Part-of-Speech Search

Part-of-Speech (POS) tags can be added to queries by placing them inside curly brackets, e.g. noun is {NOUN} (see tagsets below).

record{VERB}POS tag attached to a word. Only instances of 'record' as the specified POS type (in this case a verb) will be matched.
record/tape{VERB}
run*{VERB}
POS tag attached to a pattern. Each word matched by the pattern must also match the specified POS type.
{VERB}
they {VERB} it
POS tag only. Any verb will be matched in the {VERB} position.

The same searches can performed using Penn Treebank POS tags by specifying Penn= inside double curly brackets. E.g. a past tense verb would be specified with {{Penn=VBD}}.

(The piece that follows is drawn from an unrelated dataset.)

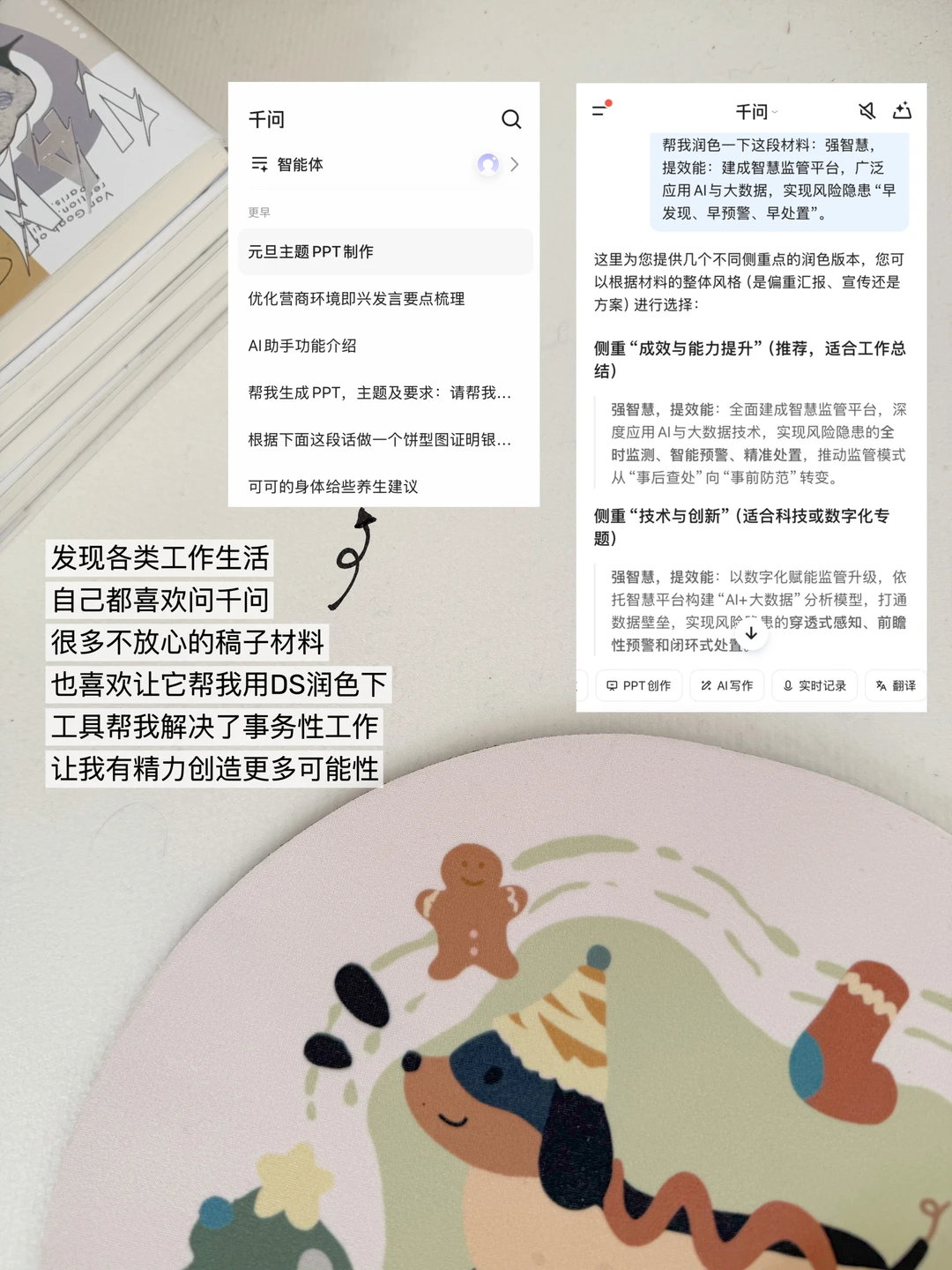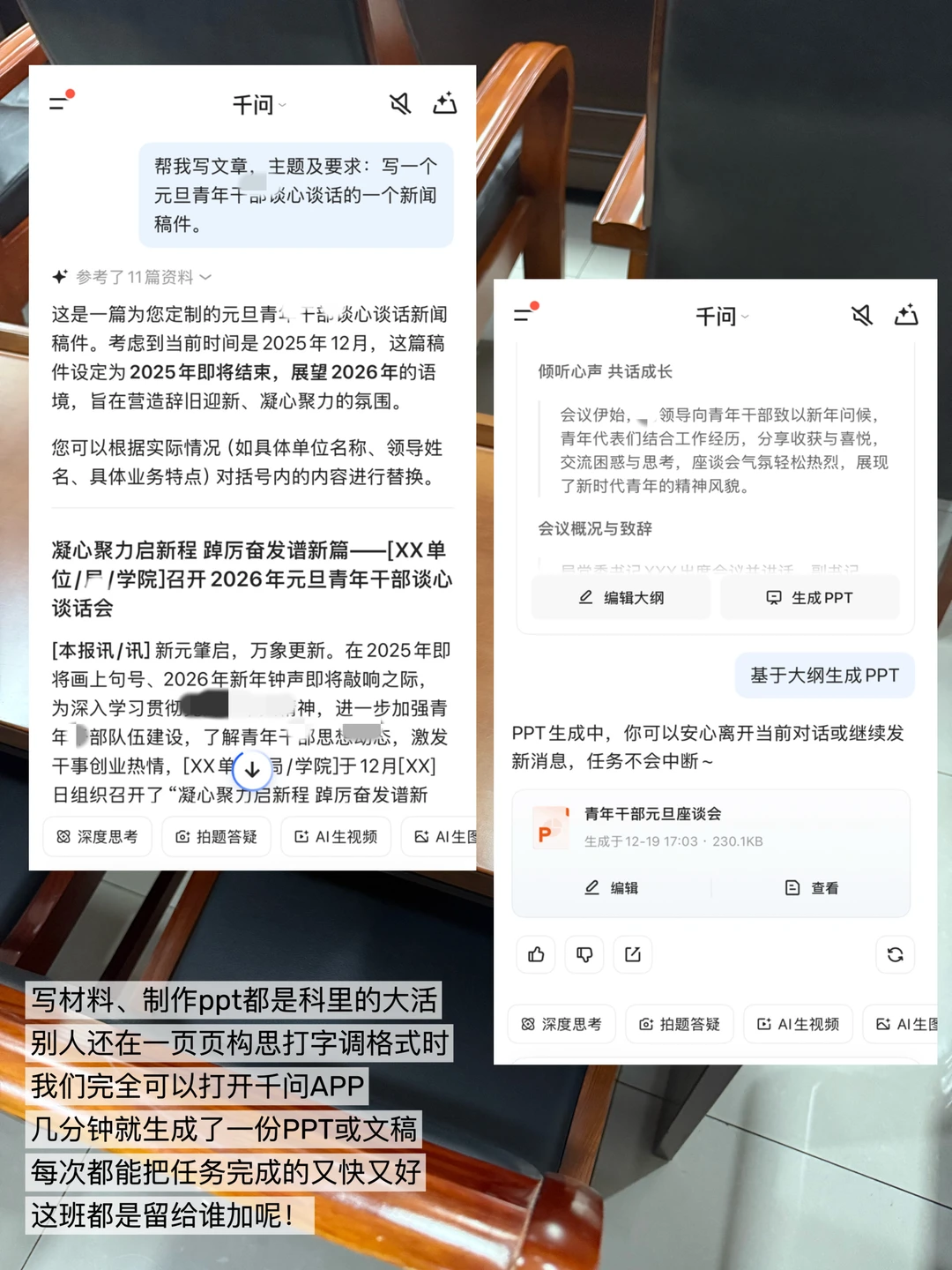 写材料再制作ppt是科里大活。小B一页页构思、打字、找图,一直深夜加工。小A打开各种AI,我们用千 问得到了一份结构清晰、标题赞的大纲,一键生成很多模板和格式的PPT,文字图片还分别用DeepSeek 润色和Nano Banana做了修改并在PPT里直接更换?汇报时的画面超赞,有时候就是这样,工作不会因为你花时间而更好。

The dropdown menus below the Query box list the available tags. Selecting a tag from these lists will add it to the query.

Search Options

These options are available on the Advanced Search page and can be used to change the scope of your search:

Sub-corpusChose a sub-corpus from the dropdown list to limit the search to that subsection of the corpus. See the details for each corpus to learn more about the sub-corpora.
Case insensitiveTick this to match case variants of your search words.
Within a single sentenceTick this to prevent phrasal queries from spanning sentence boundaries.
Date from and Date toEnter a date in the form YYYY-MM to limit the range of dates searched. E.g. 2008-08 specifies the year 2008 and month August.
Sites filterEnter website domain names that the search much match. Add a minus (-) infront of the domain to exclude that domain. Substrings of domain names can be used. E.g. .co.uk -.com
Word FilterThis enables you to specify words which must or must not appear within the same document as your search term. Place a minus (-) before words which must not appear. E.g. if you search for the word plant you can limit the documents matched by entering nuclear -flower. Only results from documents containing the word 'nuclear' but not the word 'flower' will returned.

Advanced Search Results

After starting your search you will be shown a progress bar. Once the search is finished concordances and other summary data will be available in the following tabs:

Concordances

This tab displays concordances in Keyword in Context (KWIC) format. The matches of your query will be displayed down the centre of the page with the left and right textual context on either side. Hovering over a word will show a tooltip containing grammatical information. Clicking on the match will open an extended concordance view in a popup window. Above the concordance table you will find an option to either view randomly sampled concordances (which can be helpful when there are many results) or page through the full set of concordances. The random concordances table can be sorted by clicking on the column names. Options to extend the list of concordances or move between pages are shown at the bottom of the page. Note that the random sample will remain the same each time the page is loaded. Other columns included in the concordances show the date, sub-corpus, website and a link to the link to the webpage, but note that the webpage may have changed since the data was collected.

Sub-corpora

This tab shows how many matches occurred in each of the sub-corpora in a table, including token and document frequencies, normalised frequencies (relative to the size of each sub-corpus) and proportions (relative to the number of search results).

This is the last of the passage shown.